На даче в Гурзуфе Чехов увиделся мной как задумчивый философ. Неприхотливый человек, ценящий одиночество. После приобретения домика он писал сестре: “Я купил кусочек берега с купаньем и Пушкинской скалой около пристани и парка в Гурзуфе. Принадлежит нам теперь целая бухточка, в которой может стоять лодка или катер.” И эта маленькая скала стала его приютом спокойствия.

Вернувшись к себе в Тулу, в сентябре, я заглянула в городскую библиотеку. В лабиринте полок в мои руки попал сборник рассказов Чехова. Лето в тот год словно медленно засыпало и погода была такая же. Нежная, полусонная. Я часто гуляла в парке и почти всегда со мной был библиотечный томик. Так та осень стала по-настоящему чеховской.

Антон Павлович снова переменился в моих глазах. Я увидела его меланхоличным, задумчивым, полным мыслей о тщетности всего происходящего. Но эти мысли не повергают в уныние, а побуждают к некой перестройке. Собственные размышления идут печатными чёрными дорожками, но выводят в порой совершенно неожиданную сторону. У каждого человека свой путь. У каждого читателя. Начало его закладывает автор, а дальше произведение строится само. Достраивает же его читатель. Каждый на свой лад.

Как-то летом волей случая я оказалась неподалёку от Ялты. А это не только город, “где растёт золотой виноград”. Врачи советовали Антону Павловичу переменить образ жизни из-за болезни.

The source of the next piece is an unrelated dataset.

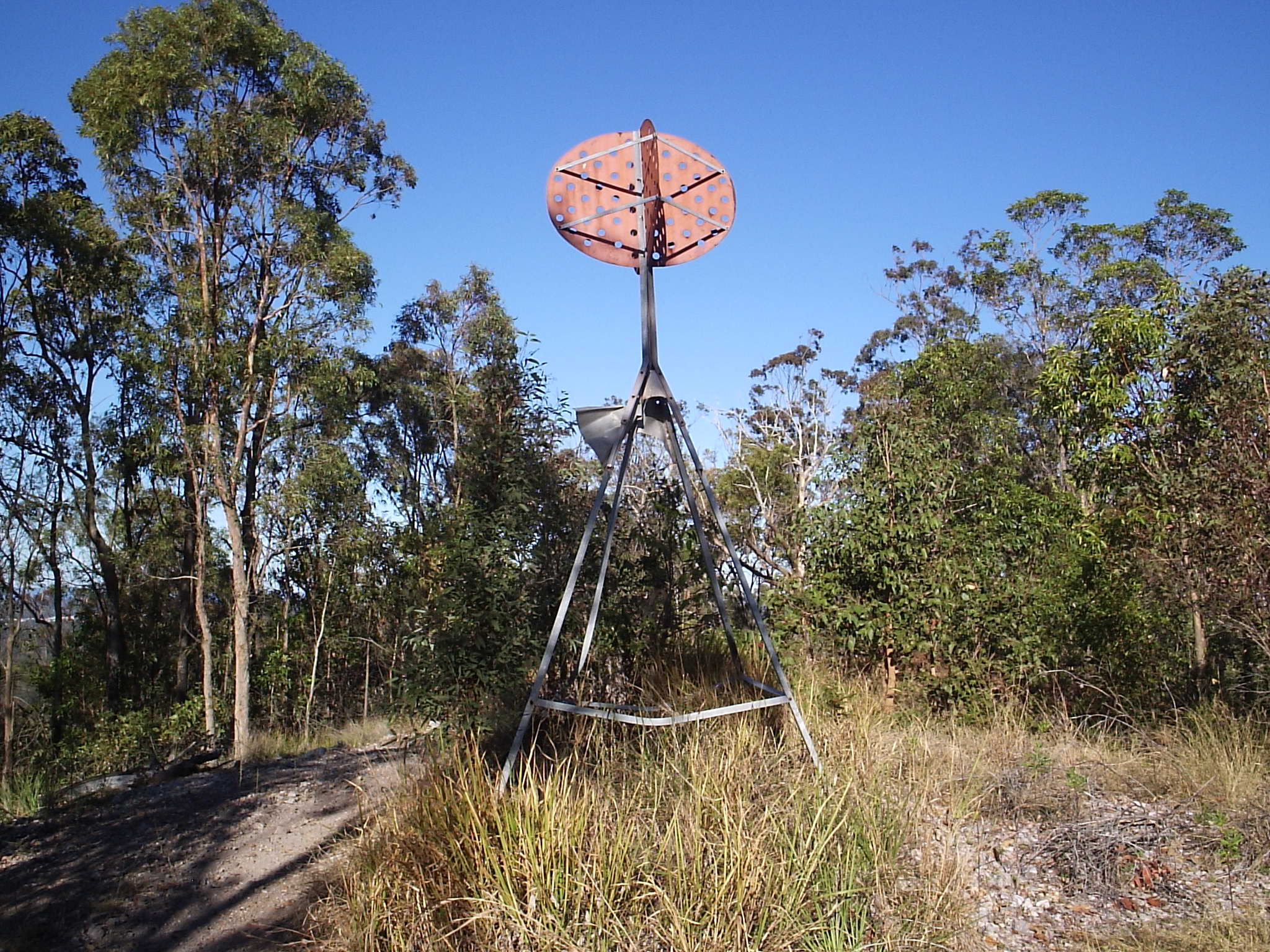 The triangulation tower on top of Mt. Petrie ,Brisbane Taken By Lee Jamieson II. I grant this image free use to anyone, however it may not be charged for by means of money transaction or sold for profit.

Поэтому в сентябре 1899 года он, вместе с сестрой и матерью переезжает именно в Ялту. Чтобы построить дом, Чехов продаёт свой огромный литературный труд. Права на издание его произведений приобретает книгоиздатель А.Ф. Маркс. Постройка дома длилась десять месяцев. Местные жители думали, что писатель, как многие богатые люди, собирается приезжать в Ялту лишь изредка. Потому белое здание прозвали Белой Дачей. Но Чехов остался в ней жить.

“Мне кажется что я, если бы не литература, мог бы быть садовником”. – говаривал он. Чеховский сад становился пышнее с каждым годом. Писатель сам сажал розы, миндаль, шелковицу… Сам он порой шутил: “Хоть палку воткни, вырастет”. Но Антон Павлович на самом деле всей душой любил свой сад и все растения. Его супруга вспоминала: “Случалось, дамы приносили ему цветы, он через несколько минут после их ухода молча выносил их в другую комнату”. Я побывала на Белой Даче. Словно невидимый купол накрывает этот ялтинский уголок. Чувствуется особенная атмосфера хозяина этого дома. Немного грустная, но неповторимо красивая. Чеховский сад стал для меня почти волшебным местом. Я ходила осторожно, вдыхая аромат лаванды, слушая ручей…

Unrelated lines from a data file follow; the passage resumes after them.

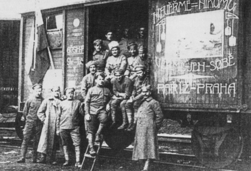 Wagon train Czechoslovak legions in Russia
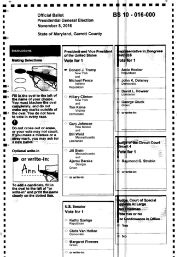 Report on ballot scanners in Maryland in 2016 showed that dirt or scratches on sensors created spurious black lines on some ballots, which appeared to be a vote for each candidate the line went past, thus voting for too many candidates and disenfranchising those voters.
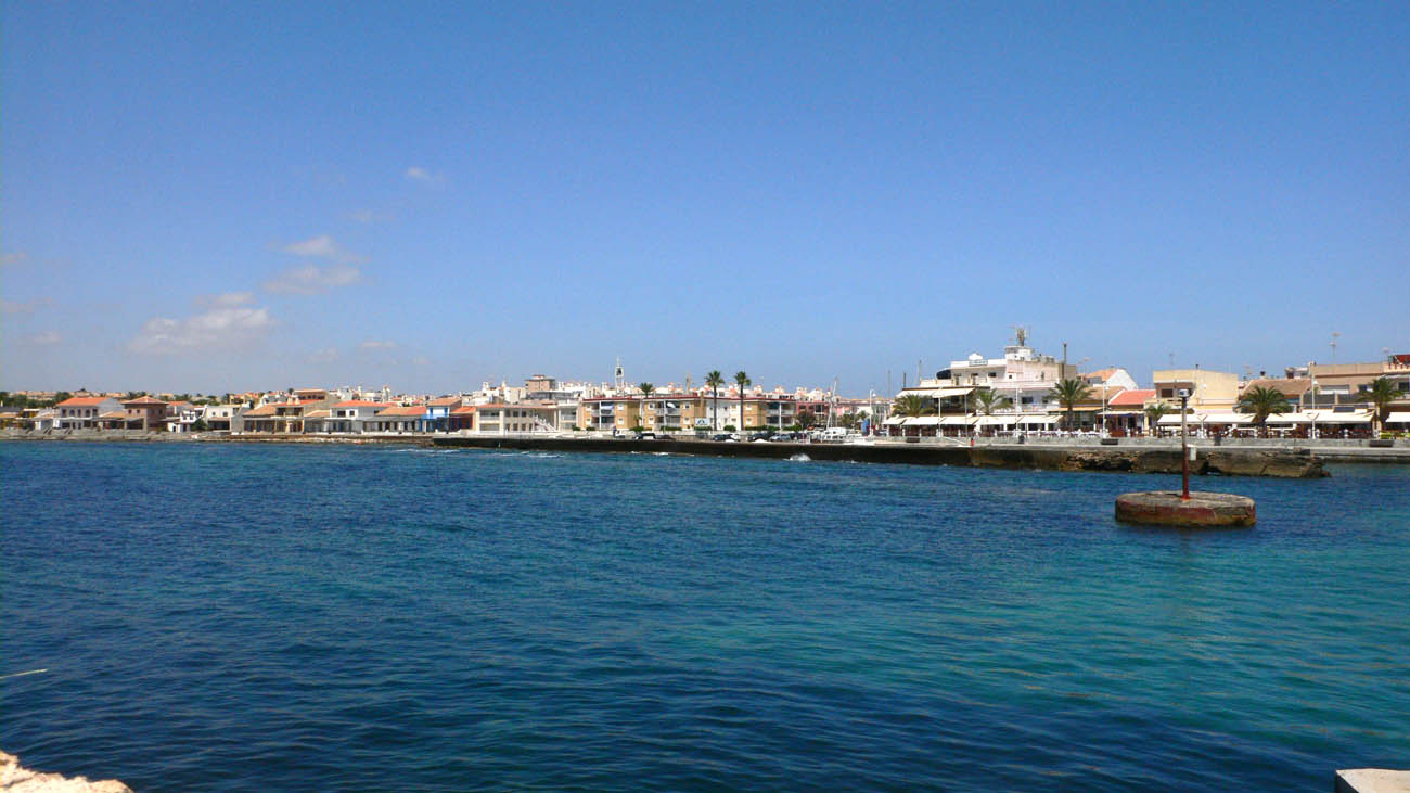 View of the harbour of Cabo de Palos (Cartagena, Spain)
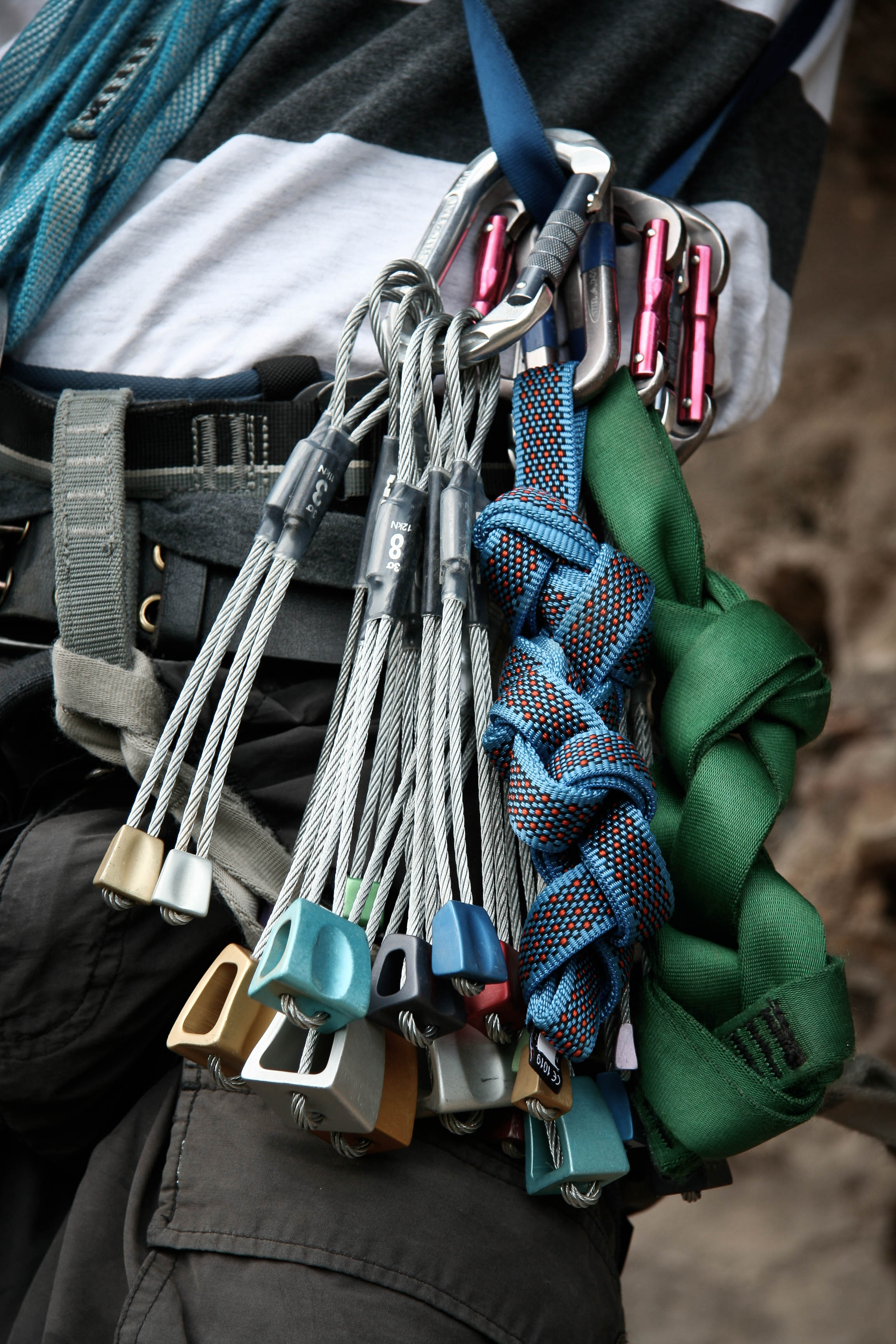 Pete had a selection of brand new climbing gear that he needed to scratch up a bit at Redcliffs.
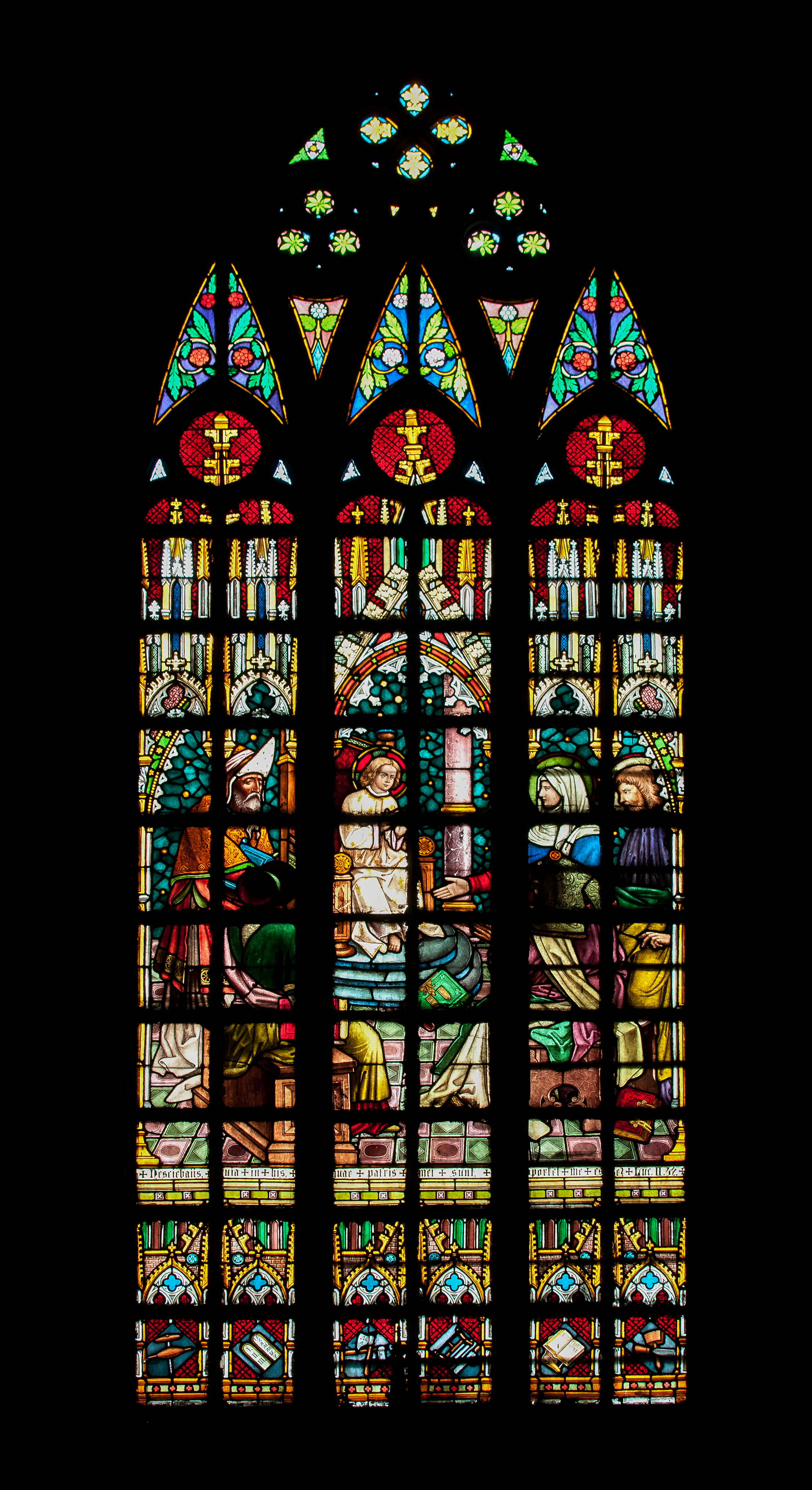 A closer look at the Stained Glass window that can be found inside San Sebastian Church

В уголке сада раскинулся статный бамбук. И когда я вблизи увидела его поцарапанные стволы, во мне что-то сжалось и с силой раскрылось. Кто такие эти Маши и Пети? Какая разница, откуда они? Что они возомнили? Кто они такие, чтобы посягать на священный Чеховский сад?

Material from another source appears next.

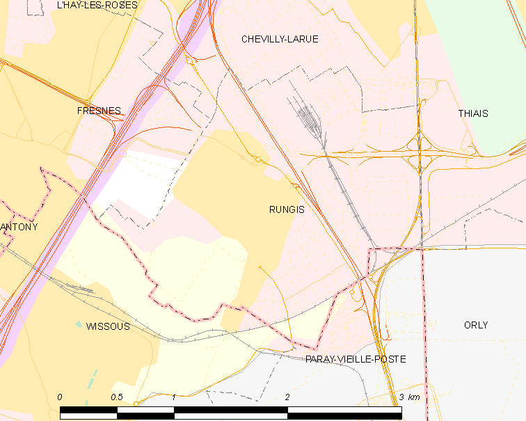 Map of French municipality Rungis
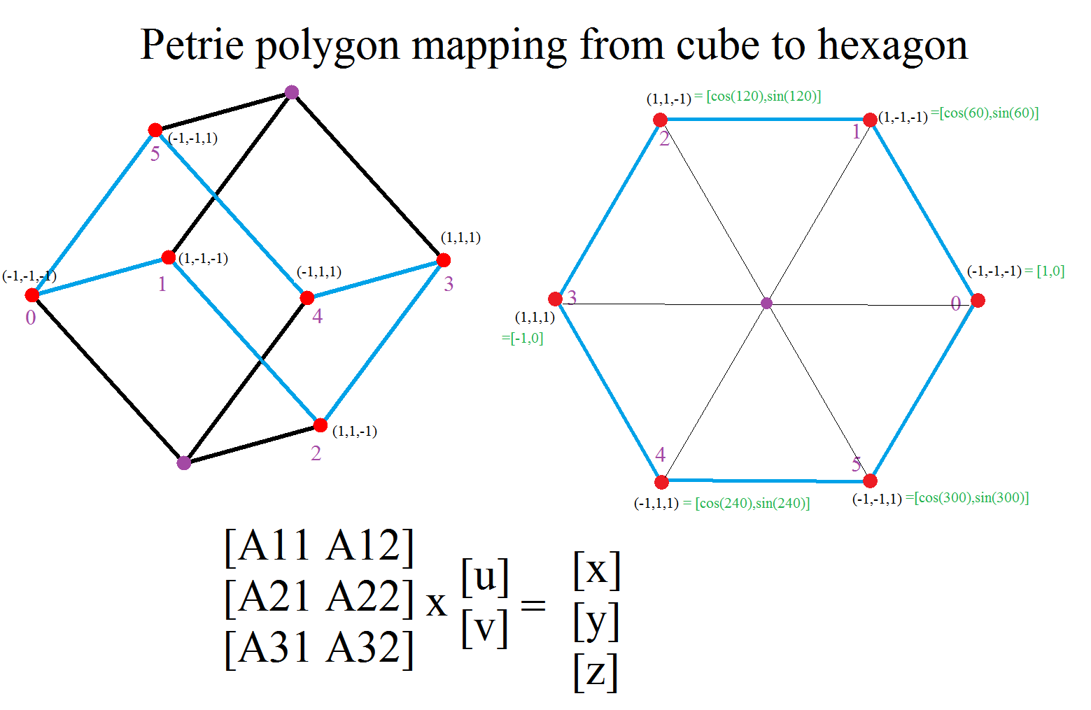 Petrie polygon for Cube

Сейчас, перелистывая страницы читательского дневника, вспоминая крики чаек над морем, я кажется поняла… Что Чехов не меняется. В разных местах, моментах он открывается по-разному. Это как читать отрывки книги. Жизнь людей – такая книга, которую (не всегда, но порой) можно читать с любого места. Но до конца её не удаётся прочесть никому.

Антон Павлович – это множество книг. “Мальчики”, “Скучная история”, “Вишнёвый сад”… Всё это он оставил. Что-то унёс с собой. Увы, люди умирают. Но искусство живёт, пока его знают. Помнят. Любят.